- Genre: Reality television
- Created by: Issa Rae
- Starring: Amanda Scott; Briana Jones; Cheryl Des Vignes; Jerrold Smith II; Myami Woods; Candiss Hart; P'Jae Compton; Tylynn Burns; Rebecca Magett; Rob Lee; Jaylenn Hart;
- Country of origin: United States
- Original language: English
- No. of seasons: 2
- No. of episodes: 20

Production
- Executive producers: Issa Rae; Montrel McKay; Jimmy Fox; Sheri Maroufkhani; Leola Westbrook; Sun de Graaf;
- Producers: Rajah Ahmed; Pyongson Yim; Pyongson "Sunny" Yim;
- Production location: Los Angeles, California
- Production companies: Hoorae Productions; Main Event Media; Morning Dew Pictures;

Original release
- Network: HBO Max
- Release: August 19, 2021 – August 18, 2022

= Sweet Life: Los Angeles =

California-based reality television series in the United States

Sweet Life: Los Angeles is an American reality television series created by Issa Rae. It premiered on August 19, 2021, on HBO Max. In October 2021, it was renewed for a second season which premiered on August 4, 2022. In December 2022, the series was canceled after two seasons.

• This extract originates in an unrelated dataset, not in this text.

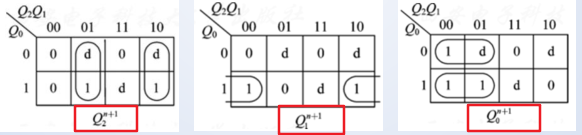 left { begin{aligned} &Q^{n+1}_{2} =Q_1^n overline {Q^n_2} + overline {Q^n_1}Q^n_2\ &Q^{n+1}_1 = Q^n_0 overline {Q_1^n} \ &Q^{n+1}_0 = overline {Q^n_1} overline {Q^n_0} + overline {Q^n_2} Q^n_0 end{aligned} right. left { begin{aligned} &J_{2} =Q_1^n, K_2 = {Q^n_1}\ &J_1 = Q^n_0, K_1 = 1\ &J_0 = overline {Q^n_1}, K_0 = {Q^n_2} end{aligned} right.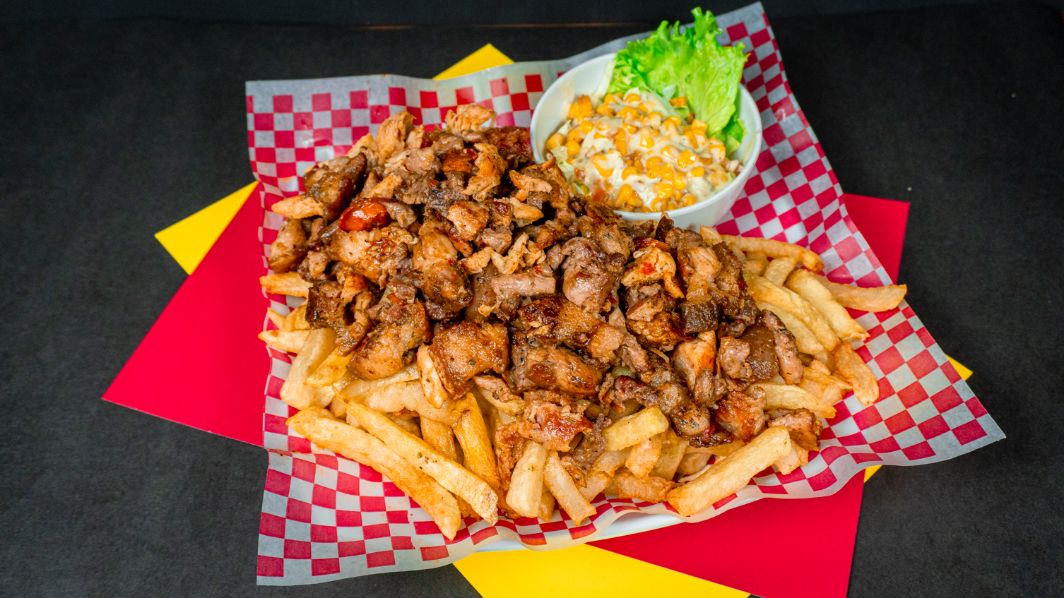 Carne, vegetales frescos, ripió de papa, queso mozzarella, tocineta y papas a la francesa.

The series is scheduled to air on OWN beginning on June 13, 2025, with new footage incorporated.

== Background ==
Sweet Life was inspired by both the Frank Ocean song after which it is named, and the BET reality television show Baldwin Hills. The show follows a close group of African American friends in their 20s as they live in South Los Angeles and pursue their personal and professional goals. Their shared experiences and mutual support connect the group.

==Cast==
Profession and age of cast members when the first season premiered:
- Amanda Scott - PR professional, 25
- Briana Jones - Health care professional, 26
- Cheryl Des Vignes - Fashion designer, 26
- Jerrold Smith II - Marketing specialist, 25
- Jordan Bentley (Season 1) - Streetwear designer, 24
- Myami Woods - (Season 2; guest Season 1) - Paralegal, Business Owner
- Candiss Hart - (Season 2; guest Season 1) - Financial Consultant with boyfriend Keilan Horton
- Keilan Horton - (Season 2; guest Season 1) - Financial Leader, antagonist 28
- P'Jae Compton - Artist manager, 29
- Tylynn Burns - Event planner, 26
- Rebecca Magett (Season 2; recurring season 1) - Bri's bestie and P'Jae's on-again-off-again love interest.
- Rob Lee (Season 2; recurring season 1) - Amanda's boyfriend, who quit his full-time job to pursue comedy.
- Jaylenn Hart (Season 2; recurring season 1) - Tylynn's boyfriend who wants kids but not marriage., 27

==Episodes==

| Season | Episodes |  | Originally released |  |
| First released | Last released |
| 1 | 10 |  | August 19, 2021 | September 9, 2021 |
| 2 | 10 |  | August 4, 2022 | August 18, 2022 |

===Season 1 (2021)===

| No. overall | No. in series | Title | Original release date |
|---|---|---|---|
| 1 | 1 | "Sweet Life" | August 19, 2021 |
| 2 | 2 | "Good Vibes Only" | August 19, 2021 |
| 3 | 3 | "You Got Me F**ked Up" | August 19, 2021 |
| 4 | 4 | "A Seat at the Table" | August 26, 2021 |
| 5 | 5 | "Moving In, Moving Out, Moving On" | August 26, 2021 |
| 6 | 6 | "Once Upon a Time in Sexico" | August 26, 2021 |
| 7 | 7 | "No Cabo Cuddles" | September 2, 2021 |
| 8 | 8 | "Low-Key Privileged" | September 2, 2021 |
| 9 | 9 | "Are We Even Friends?" | September 2, 2021 |
| 10 | 10 | "The Group Chat" | September 9, 2021 |

===Season 2 (2022)===

| No. overall | No. in series | Title | Original release date |
|---|---|---|---|
| 11 | 1 | "Ain't Sh*t Sweet" | August 4, 2022 |
| 12 | 2 | "The Good, the Bad, and the Medium Ugly" | August 4, 2022 |
| 13 | 3 | "Tylynn & the Termites" | August 4, 2022 |
| 14 | 4 | "Accents & Good Times" | August 4, 2022 |
| 15 | 5 | "Y'all Weird AF" | August 11, 2022 |
| 16 | 6 | "B*tch, What's the Tea?" | August 11, 2022 |
| 17 | 7 | "Spring BAEcation" | August 11, 2022 |
| 18 | 8 | "Two B's, No F*cks" | August 18, 2022 |
| 19 | 9 | "Have You Really Have, Though?" | August 18, 2022 |
| 20 | 10 | "Wait, that's it?!" | August 18, 2022 |

==Awards==
In 2022, the first season was nominated for an NAACP Image Award for Outstanding Reality Program, Reality Competition or Game Show, and a Guild of Music Supervisors Awards for Best Music Supervision in Reality Television.